▶ _Your goal_: The required lines are those that contain "para"; pull them out of the data and copy them.

▶ _Entries supplied_:
━━━━
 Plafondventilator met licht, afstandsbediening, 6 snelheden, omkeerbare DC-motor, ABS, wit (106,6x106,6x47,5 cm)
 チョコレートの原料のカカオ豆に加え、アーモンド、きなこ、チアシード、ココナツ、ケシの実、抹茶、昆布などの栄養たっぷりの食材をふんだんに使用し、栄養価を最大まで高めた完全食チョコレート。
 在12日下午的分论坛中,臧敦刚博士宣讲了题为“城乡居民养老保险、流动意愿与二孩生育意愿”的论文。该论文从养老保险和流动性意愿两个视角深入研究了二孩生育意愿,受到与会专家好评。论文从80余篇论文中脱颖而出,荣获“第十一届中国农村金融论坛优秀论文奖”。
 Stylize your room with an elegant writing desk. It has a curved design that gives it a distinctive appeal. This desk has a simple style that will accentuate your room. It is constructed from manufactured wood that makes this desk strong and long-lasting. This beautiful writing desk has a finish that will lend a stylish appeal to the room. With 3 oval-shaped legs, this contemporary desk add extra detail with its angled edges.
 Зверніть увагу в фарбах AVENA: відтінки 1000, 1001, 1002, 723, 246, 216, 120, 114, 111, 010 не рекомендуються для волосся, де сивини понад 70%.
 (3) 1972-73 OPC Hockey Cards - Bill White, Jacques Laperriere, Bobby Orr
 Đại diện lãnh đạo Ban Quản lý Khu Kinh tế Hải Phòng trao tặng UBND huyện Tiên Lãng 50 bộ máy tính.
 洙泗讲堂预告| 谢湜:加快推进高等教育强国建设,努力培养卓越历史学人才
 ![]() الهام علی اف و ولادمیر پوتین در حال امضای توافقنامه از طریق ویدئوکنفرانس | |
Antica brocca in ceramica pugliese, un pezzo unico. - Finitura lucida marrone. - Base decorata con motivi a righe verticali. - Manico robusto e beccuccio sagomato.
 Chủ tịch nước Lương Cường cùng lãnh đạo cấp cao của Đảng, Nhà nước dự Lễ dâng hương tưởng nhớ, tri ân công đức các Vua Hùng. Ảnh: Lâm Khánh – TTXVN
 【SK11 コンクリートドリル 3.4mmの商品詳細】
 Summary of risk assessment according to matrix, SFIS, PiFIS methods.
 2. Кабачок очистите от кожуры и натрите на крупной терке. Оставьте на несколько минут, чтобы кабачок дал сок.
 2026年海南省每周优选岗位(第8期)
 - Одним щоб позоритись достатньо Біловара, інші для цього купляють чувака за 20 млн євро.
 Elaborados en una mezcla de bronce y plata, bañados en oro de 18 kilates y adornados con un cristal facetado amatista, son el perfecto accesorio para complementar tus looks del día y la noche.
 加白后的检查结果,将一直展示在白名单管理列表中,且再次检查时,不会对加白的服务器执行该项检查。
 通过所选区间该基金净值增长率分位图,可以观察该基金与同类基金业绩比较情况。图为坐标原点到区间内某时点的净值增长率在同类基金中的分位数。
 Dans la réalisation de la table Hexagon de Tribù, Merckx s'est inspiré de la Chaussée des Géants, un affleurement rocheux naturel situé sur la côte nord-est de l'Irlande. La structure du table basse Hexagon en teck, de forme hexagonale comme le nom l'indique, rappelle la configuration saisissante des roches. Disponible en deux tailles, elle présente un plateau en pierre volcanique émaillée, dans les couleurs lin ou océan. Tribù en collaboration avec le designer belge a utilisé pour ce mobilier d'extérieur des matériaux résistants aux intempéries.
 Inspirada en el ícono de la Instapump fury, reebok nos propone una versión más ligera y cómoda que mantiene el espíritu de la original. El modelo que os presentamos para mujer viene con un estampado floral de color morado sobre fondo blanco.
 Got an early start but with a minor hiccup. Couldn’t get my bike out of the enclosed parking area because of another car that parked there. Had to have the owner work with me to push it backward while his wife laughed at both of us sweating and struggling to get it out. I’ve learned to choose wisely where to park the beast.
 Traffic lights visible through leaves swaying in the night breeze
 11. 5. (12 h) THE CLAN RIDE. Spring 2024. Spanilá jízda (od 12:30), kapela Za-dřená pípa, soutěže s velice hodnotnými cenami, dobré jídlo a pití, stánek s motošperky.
━━━━
▶ _Response for this exercise_:
 Elaborados en una mezcla de bronce y plata, bañados en oro de 18 kilates y adornados con un cristal facetado amatista, son el perfecto accesorio para complementar tus looks del día y la noche.
 Inspirada en el ícono de la Instapump fury, reebok nos propone una versión más ligera y cómoda que mantiene el espíritu de la original. El modelo que os presentamos para mujer viene con un estampado floral de color morado sobre fondo blanco.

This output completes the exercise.